McPherson A. Int. J. Psychiatr. Nurs. Res. 2005; 10(2): 1129-1142.

Affiliation

Dykebar Hospital, Paisley, United Kingdom.

Copyright

(Copyright © 2005, Drogo Research)

DOI

unavailable

PMID

15715322

Abstract

Tools are frequently used in psychiatry in an attempt to assess the patient's mental state and this in turn should partly determine his management. A given example is suicide evaluation, where tools are regularly used but seldom questioned as to their effectiveness or appropriateness. At the outset, this paper highlights the relative paucity of research into suicide assessment scales and rationales are offered explaining this.

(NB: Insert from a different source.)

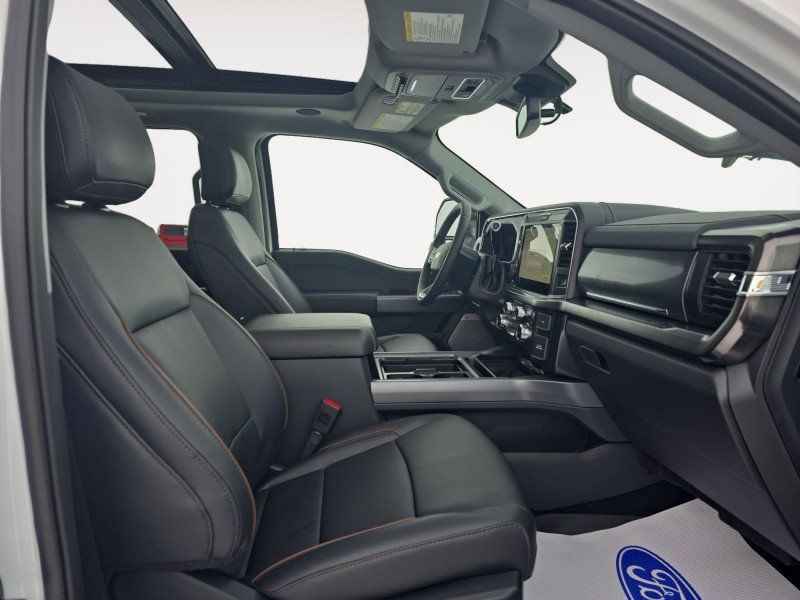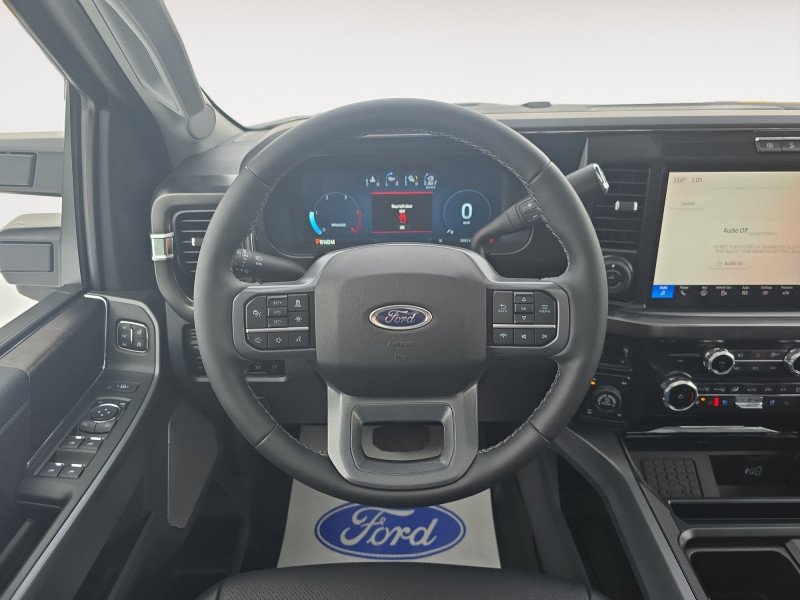 Our F-350 Super Duty's trim level is Lariat. Experience rugged capability and luxury in this F-350 Lariat trim, which features leather-trimmed heated and ventilated front seats with power adjustment, memory function and lumbar support, a heated leather-wrapped steering wheel, voice-activated dual-zone automatic climate control, power-adjustable pedals, a sonorous 8-speaker Bang & Olufsen audio system, and two 120-volt AC power outlets. This truck is also ready to get busy, with equipment such as class V towing equipment with a hitch, trailer wiring harness, a brake controller and trailer sway control, beefy suspension with heavy duty shock absorbers, power extendable trailer style mirrors, and LED headlights with front fog lamps and automatic high beams. Connectivity is handled by a 12-inch infotainment screen powered by SYNC 4, bundled with Apple CarPlay, Android Auto, inbuilt navigation, and SiriusXM satellite radio. Safety features also include a surround camera system, pre-collision assist with automatic emergency braking and cross-traffic alert, blind spot detection, rear parking sensors, forward collision mitigation, and a cargo bed camera. This vehicle has been upgraded with the following features: Tremor Off-Road Package, Lariat Ultimate Package, Black Appearance Package.
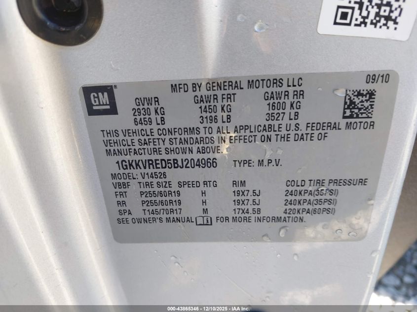 2011 GMC ACADIA - 1GKKVRED5BJ204966, колір - Срібний, 3.6, Бензин, Повний привід із США

Furthermore, attention is drawn to the concept that relatively low base rates of suicide can provide false and misleading data. Additionally, analyses are made of a number of suicide assessment scales and this is achieved through a comprehensive literature review on the subject area. The five pieces of research examined come from different parts of the world, however they all share a commonality in that they are Western in culture. Nevertheless, no obvious leader arises from the combined results, with all the scales offering different conclusions as to the most effective scale for evaluating those at risk of suicide. These contradictions may be due to the fact that the research design and methodology used in the studies has been ill thought out and omissions such as the use of qualitative data is discernible in studies that deal with human behaviour. The suggested recommendations provided include further research in this area and that it should include the use of qualitative methods. A further recommendation is that suicide assessment should encompass both the physical environment as well as the patient's mental health and this would help ensure a more encompassing and in-depth assessment of the patient. Nevertheless, assessment scales, no matter how thorough they appear, should not be seen as a panacea for determining the overall management of a patient.